(MATERIAL PROVIDED):
┌──
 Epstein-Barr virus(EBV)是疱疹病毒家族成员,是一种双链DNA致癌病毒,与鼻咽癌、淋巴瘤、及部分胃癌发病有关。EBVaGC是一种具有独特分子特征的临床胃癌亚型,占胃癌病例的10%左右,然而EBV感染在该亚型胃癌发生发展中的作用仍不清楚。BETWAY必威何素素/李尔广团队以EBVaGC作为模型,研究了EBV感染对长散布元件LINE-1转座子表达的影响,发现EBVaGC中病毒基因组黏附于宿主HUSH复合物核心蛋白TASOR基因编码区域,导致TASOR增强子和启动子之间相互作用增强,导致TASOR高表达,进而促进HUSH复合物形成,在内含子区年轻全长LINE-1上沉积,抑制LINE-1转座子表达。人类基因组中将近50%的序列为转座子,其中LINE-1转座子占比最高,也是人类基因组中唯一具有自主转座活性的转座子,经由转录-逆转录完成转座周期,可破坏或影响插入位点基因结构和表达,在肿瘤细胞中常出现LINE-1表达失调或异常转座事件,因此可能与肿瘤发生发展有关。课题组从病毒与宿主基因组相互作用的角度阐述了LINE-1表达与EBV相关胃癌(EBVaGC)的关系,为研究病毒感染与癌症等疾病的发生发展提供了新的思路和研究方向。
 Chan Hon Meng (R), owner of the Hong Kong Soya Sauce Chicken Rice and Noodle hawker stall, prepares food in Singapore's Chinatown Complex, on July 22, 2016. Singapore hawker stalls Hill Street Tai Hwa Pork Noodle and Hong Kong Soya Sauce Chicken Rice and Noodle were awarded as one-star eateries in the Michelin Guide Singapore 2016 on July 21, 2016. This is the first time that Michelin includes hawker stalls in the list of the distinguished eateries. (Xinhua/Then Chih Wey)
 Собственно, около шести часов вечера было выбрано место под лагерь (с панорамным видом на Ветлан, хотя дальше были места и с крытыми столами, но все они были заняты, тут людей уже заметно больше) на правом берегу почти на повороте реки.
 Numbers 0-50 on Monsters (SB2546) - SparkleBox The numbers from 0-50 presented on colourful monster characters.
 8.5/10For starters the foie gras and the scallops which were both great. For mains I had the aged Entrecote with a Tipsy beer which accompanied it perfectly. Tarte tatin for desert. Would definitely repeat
└──
(WHAT YOU ARE ASKED TO DO): Return the full listing. Keep each line exactly as it stands.

(OUTPUT BELOW):
 Epstein-Barr virus(EBV)是疱疹病毒家族成员,是一种双链DNA致癌病毒,与鼻咽癌、淋巴瘤、及部分胃癌发病有关。EBVaGC是一种具有独特分子特征的临床胃癌亚型,占胃癌病例的10%左右,然而EBV感染在该亚型胃癌发生发展中的作用仍不清楚。BETWAY必威何素素/李尔广团队以EBVaGC作为模型,研究了EBV感染对长散布元件LINE-1转座子表达的影响,发现EBVaGC中病毒基因组黏附于宿主HUSH复合物核心蛋白TASOR基因编码区域,导致TASOR增强子和启动子之间相互作用增强,导致TASOR高表达,进而促进HUSH复合物形成,在内含子区年轻全长LINE-1上沉积,抑制LINE-1转座子表达。人类基因组中将近50%的序列为转座子,其中LINE-1转座子占比最高,也是人类基因组中唯一具有自主转座活性的转座子,经由转录-逆转录完成转座周期,可破坏或影响插入位点基因结构和表达,在肿瘤细胞中常出现LINE-1表达失调或异常转座事件,因此可能与肿瘤发生发展有关。课题组从病毒与宿主基因组相互作用的角度阐述了LINE-1表达与EBV相关胃癌(EBVaGC)的关系,为研究病毒感染与癌症等疾病的发生发展提供了新的思路和研究方向。
 Chan Hon Meng (R), owner of the Hong Kong Soya Sauce Chicken Rice and Noodle hawker stall, prepares food in Singapore's Chinatown Complex, on July 22, 2016. Singapore hawker stalls Hill Street Tai Hwa Pork Noodle and Hong Kong Soya Sauce Chicken Rice and Noodle were awarded as one-star eateries in the Michelin Guide Singapore 2016 on July 21, 2016. This is the first time that Michelin includes hawker stalls in the list of the distinguished eateries. (Xinhua/Then Chih Wey)
 Собственно, около шести часов вечера было выбрано место под лагерь (с панорамным видом на Ветлан, хотя дальше были места и с крытыми столами, но все они были заняты, тут людей уже заметно больше) на правом берегу почти на повороте реки.
 Numbers 0-50 on Monsters (SB2546) - SparkleBox The numbers from 0-50 presented on colourful monster characters.
 8.5/10For starters the foie gras and the scallops which were both great. For mains I had the aged Entrecote with a Tipsy beer which accompanied it perfectly. Tarte tatin for desert. Would definitely repeat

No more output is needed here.